Parlamentarios manifestaron inquietud por premura del Gobierno en despachar Reforma Educacional

Es necesario, indicaron Hernán Larraín y Romilio Gutiérrez, que en el Gobierno se den el tiempo suficiente para escuchar a todos los actores del sistema.

El jefe de senadores UDI, Hernán Larraín, junto al diputado Romilio Gutiérrez,  integrante de la comisión de Educación, manifestaron su inquietud por la actitud del Gobierno, a su juicio, apresurada, por despachar la reforma educacional.

Luego de que el Gobierno anunciara el compromiso, por parte de los senadores oficialistas, de aprobar la reforma educacional el 31 de enero, los parlamentarios dijeron  que  les  parece “una pésima señal de la Nueva Mayoría y de su Gobierno”, aseguraron.

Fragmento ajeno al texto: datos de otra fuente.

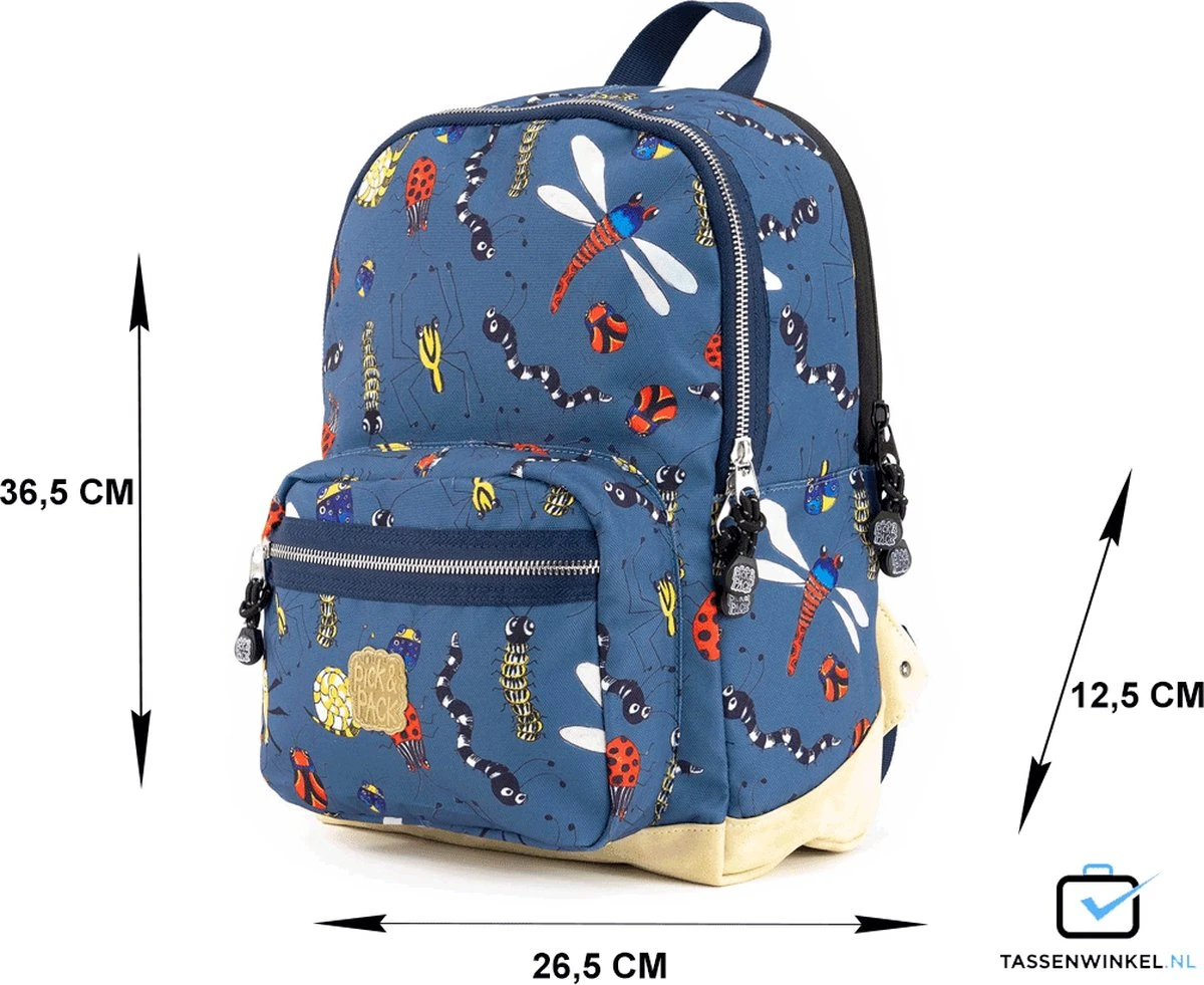 De Pick & Pack Insect rugzak is een stoere kinder rugzak met insectenprint van zeer goede kwaliteit. De rugzak heeft handige opbergmogelijkheden en is handig om te gebruiken voor school, op reis en voor een heleboel andere activiteiten! Er is voldoende plek in de tas voor een lunchdoos, drinkfles en gymspullen. Door het hengsel boven aan de tas is hij gemakkelijk op te hangen aan een kapstok.

El senador Larraín explicó que,  “de aquí al 31 de enero de enero, hay 5 semanas legislativas pendientes descontando la próxima que es una semana destinada a cerrar el tema del presupuesto. En diciembre el Congreso sesiona sólo dos semanas y en enero están previstas tres semanas de sala en ambas cámaras”

Criticó que el Gobierno  quiera despachar “un proyecto complejo en cinco semanas de trabajo legislativo, eso es inaceptable”.

Aseguró que  “quieren aprobar este proyecto durante el periodo de vacaciones escolares para así evitar el rechazo de profesores, de estudiantes, de sostenedores. Es decir, quieren apurar este debate porque le tienen miedo a conocer la opinión de  sus propios partidarios”

Adicionalmente, dijo que la  actitud de La Moneda, es porque  “se trata de un mal proyecto y se tiene temor a su debate. Temor a que ocurra lo mismo de la reforma tributaria, que mientras más se debatió, peor se encontraba el proyecto por parte de los propios partidarios del Gobierno”

Agregó que se necesitarían dos a tres meses más para terminar la discusión de la reforma.

En tanto, el diputado Romilio Gutiérrez precisó que “teníamos la esperanza que tras el llamado de la Iglesia Católica de darse el tiempo suficiente para analizar en detalle y en profundidad este proyecto de ley, el Gobierno había cambiado su actitud de ponerle acelerador a la aprobación, sin discutir las modificaciones que son necesarias de este proyecto que tiene graves errores. Por lo tanto, este plazo que fijó le pone una presión innecesaria a la discusión en el Senado, y cuando vuelva a la Cámara de Diputados, nosotros probablemente no tendremos tiempo de analizar los cambios que son necesarios”.

Finalmente dijo que se está desaprovechando de escuchar a todos quienes intervienen en la Educación en Chile, ya sea representantes de los colegios particulares y de los particulares subvencionados. “Creemos que hay un espacio de discusión que es necesario, para que todos los actores y especialistas entreguen sus opiniones y que después con el tiempo suficiente el Senado pueda someterlo a la aprobación”.

Destacó que están a favor de la reforma educacional, pero no de esta como ha sido articulada “porque posee grandes falencias”.